It has been suggested that there be a strong connection between pattern discovery and visualisation [7]. On one hand, the search for interesting patterns, as well as the understanding of the meanings of the patterns discovered can be accomplished with the aid of visualisation techniques. These techniques can serve as a powerful tool for identifying structures, tendencies and relationships in data in an intuitive way [8]. On the other hand, large amounts of data can often not be visualised directly, as the resulting graphical representation gets too complex to be captured by users. Therefore, pattern discovery techniques can be used to capture and aggregate significant information contained in data. The resulting structure can then be visualized [9]. In this sense, pattern discovery paves a way for users to intuitively access bigger picture of the problem under study.

Due to the ability to learn from data and to reveal the relevant patterns in an intuitively attractive way through incremental learning, self-adaptive neural networks (SANNs) are becoming a power tool to support pattern discovery and visualisation [7].
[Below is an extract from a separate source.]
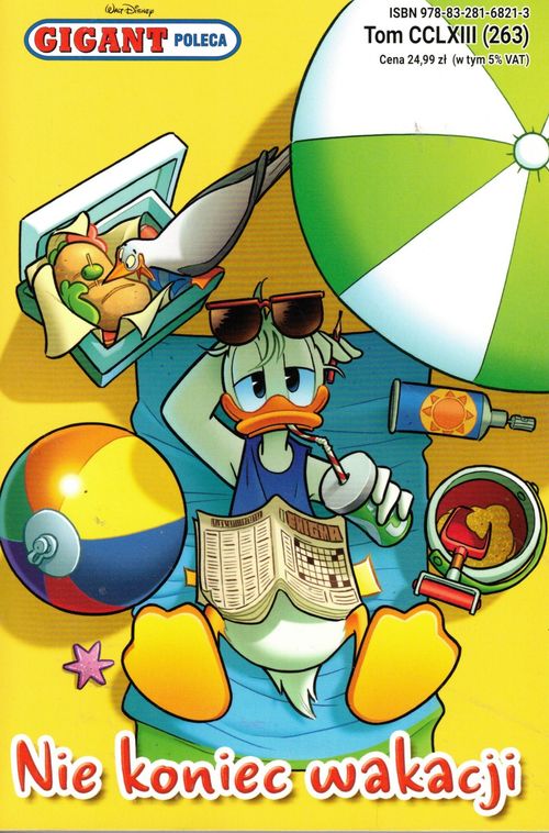 Połowa Kaczogrodu jest na letnich wakacjach i cieszy się słońcem na plaży. Niektórzy szukają relaksu, Dziobas szuka plastikowych odpadów, Donald szuka piszczących kaczek... a my szukamy kolejnych śmiesznych przygód ulubionych bohaterów komiksów Gigant Poleca! (Nota wydawcy).

### 1.2 SANNs: an overview

The modern era of SANNs started with the pioneering work of Teuvo Kohonen [10], who developed the kohonen self-organising features map (SOM), which is perhaps the most widely investigated self-organising neural network in the literature. The principal goal of the SOM algorithm is to transform high-dimensional input patterns into a one- or two-dimensional discrete map, and to perform this transformation adaptively in a topological ordered fashion.

While demonstrating a number of features suitable for pattern discovery and visualization, the SOM-based approaches exhibit several limitations that hinder their performance. For a given application, the usefulness of a map produced by a trained SOM will depend on how accurately it represents the input space. Moreover, the static grid representation of the SOM has negatively influenced its applications in pattern discovery and visualisation. For most applications, for example, data visualisation is hard to achieve solely based on the raw grid map alone.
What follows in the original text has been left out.